It all becomes clear

I was leaving the focus group this morning, a cool 200.00 in hand for one hour of semi-informed discussion ... when it hit me.

Suddenly I knew exactly what to do with my life. A person such as myself makes a certain set of known transitions. First, your career focusses on technical work. You hone your skills on existing systems and structures, and make them work better. Then you're called upon to design large, complicated systems that work well together - you get a piece of the larger picture and you make sure it works with everything else.

And then comes the bone chilling reality of finished software product. This is the hardest, and most painful moment for a person in my field.
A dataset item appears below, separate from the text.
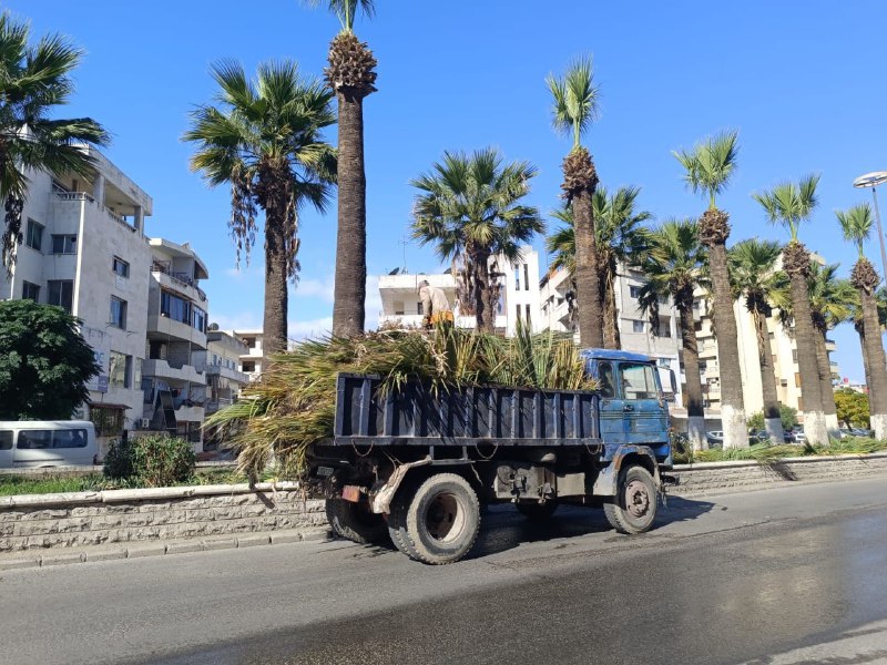 تواصل دائرة الحدائق في مجلس مدينة اللاذقية أعمالها بتقليم وقص أشجار النخيل المزروعة على طول المنصفات في الشوارع الرئيسية، وذلك ضمن جهودها للحفاظ على الغطاء النباتي وتحسين المظهر الجمالي للمدينة.

To let the software stand on its own - no consulting, no hourly billing, no requirements, no specifications, no deadlines, no maintenance, no glitches to be resolved. It either runs, or it doesnt. They either like it, or they don't. Trust me, this is the hardest moment for a computer programmer (and in my case, also, a research guy) to face. Because all of it adds up to nothing if they don't actually use it.
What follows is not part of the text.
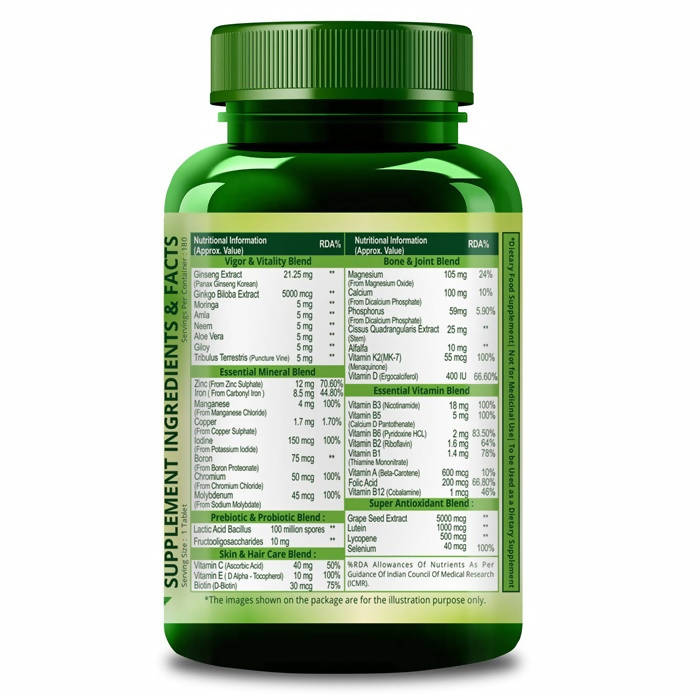 Himalayan Organics Multivitamin With Probiotics, 40 Ingredients Immunity Booster: 180 Vegetarian TabletsAbout This Item:Himalayan Organics Multivitamin for women and men is infused with Organic Calcium, Magnesium, Phosphorus, Potassium & Vitamin D for Superior Bone & Joint Support.The multivitamin complex may help increase energy and stamina levels, enhance nervous and immune systems, improve vision, improve antioxidant capabilitiesDigestive Balance: These multivitamins with probiotics tablets for women contain Probiotic, essential minerals, and vitamins blend that is gentle on the stomach and great for gut health.Our multivitamin is super packed with herbs, vitamins, and minerals that may help support your immunity. Packed with super ingredients such as Ashwagandha, Giloy & a variety of minerals and herbs blend.Skin & Hair care blend: Himalayan Organics Multivitamin for men and women contains Biotin, Vitamin E & Vitamin C are added to support healthy hair & skin.Legal Disclaimer: Statements regarding dietary supplements have not been evaluated by the FDA and are not intended to diagnose, treat, cure, or prevent any disease or health conditionNote: The product is guaranteed to be 100% genuine. Product images are for illustrative purposes only. Images

You go through stages in your career. Things that work for other products - code that helps other software to run better. Maintenance programs. Crash recovery. Optimization. Its fun and profitable. Like a spare parts business, there is always work there because there is always something that could work better, or something that is going to need work.

But thats not where I am going. No. Not at all. Because all of that can be done by someone reasonably attuned to the work - who is willing to look at the edge of a multibillion dollar industry, and take home 70k a year happily. Trust me, I would be happy to live that life. I like too many other things - dvd's, games, etc. - that have absolutely nothing to do with the expression of my own life on this planet - and I could waste my time doing them, or a linear combination of them, and other things - indefinitely. Blogging, is in fact, one of those things - if it is not foccused. So where does it all go? What could be the answer to what a person should do - who is reasonably well educated, well versed in prose, prosody, and poems - understands, creates and appreciates art... an avid gamer, an adventurous mate and armchair scientist. What is the end game. What am I going to do for my final act?

I am going to make myself obsolete.


c/o wikimedia.org / Denmark- Obsolete Chinese Telegraph Code. 1872

Comments

M@ said…
We're all becoming obsolete. Time for Homo Sapien 2.0.
I agree. I think it will play out first with spare parts, then we'll likely re-engineer our GI.

After that, its going to be pretty fun to see what parts we're gonna replace.

I could use a new left leg to tell the truth.